Filter the material, keeping only lines with the word "appartamenti".

[Opening Dataset extract section]

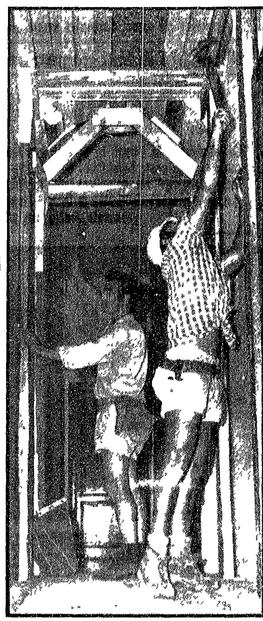
NELLA FOTO operai puntellano uno degli appartamenti

MENTRE sono iniziati i lavori di puntellano negli stabili lesionati sull'Appia Nuova, altre undici famiglie sono state sgombrare dalle loro abitazioni, salgono così a 17 gli appartamenti evacuati. La decisione presa venerdì sera, è stata attuata ieri mattina allontanamento temporaneo, dice l'ordinanza della XV Ripartizione del Comune.
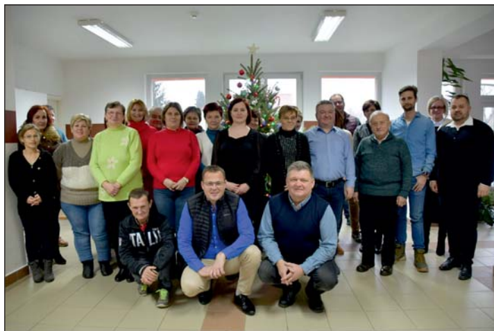
Köszönetet mondtak az önkormányzat dolgozóinak.

úriak régi vágya volt. Új utakat, járdákat építettünk, új eszközöket szereztünk be, hogy kiterjedt zöldterületünket folyamatosan gondozni tudjuk, több intézményünket is felújítottuk, saját kertészetet indítottunk, gazdasági utakat tettünk rendbe, Újtelepre napelemes közvilágítást vittünk, és még hosszan sorolhatnám. Az év végén egy közös vacsorával és egy kis ajándékkal köszöntem meg kollégáimnak, hogy a válság idején is kiválóan végezték munkájukat. Mindent megtettek azért, hogy a kedvezőtlen gazdasági helyzetben is tovább fejlődhessen otthonunk. Hálás vagyok érte, hogy ilyen kiváló csapattal szolgálhatjuk Murakeresztúrt! Folytatjuk a megkezdett munkát, tovább dolgozunk az otthonos, biztonságos, barátságos és fejlődő Murakeresztúrért!”

[Closing Dataset extract section]

» Solution for this problem:
NELLA FOTO operai puntellano uno degli appartamenti
MENTRE sono iniziati i lavori di puntellano negli stabili lesionati sull'Appia Nuova, altre undici famiglie sono state sgombrare dalle loro abitazioni, salgono così a 17 gli appartamenti evacuati. La decisione presa venerdì sera, è stata attuata ieri mattina allontanamento temporaneo, dice l'ordinanza della XV Ripartizione del Comune.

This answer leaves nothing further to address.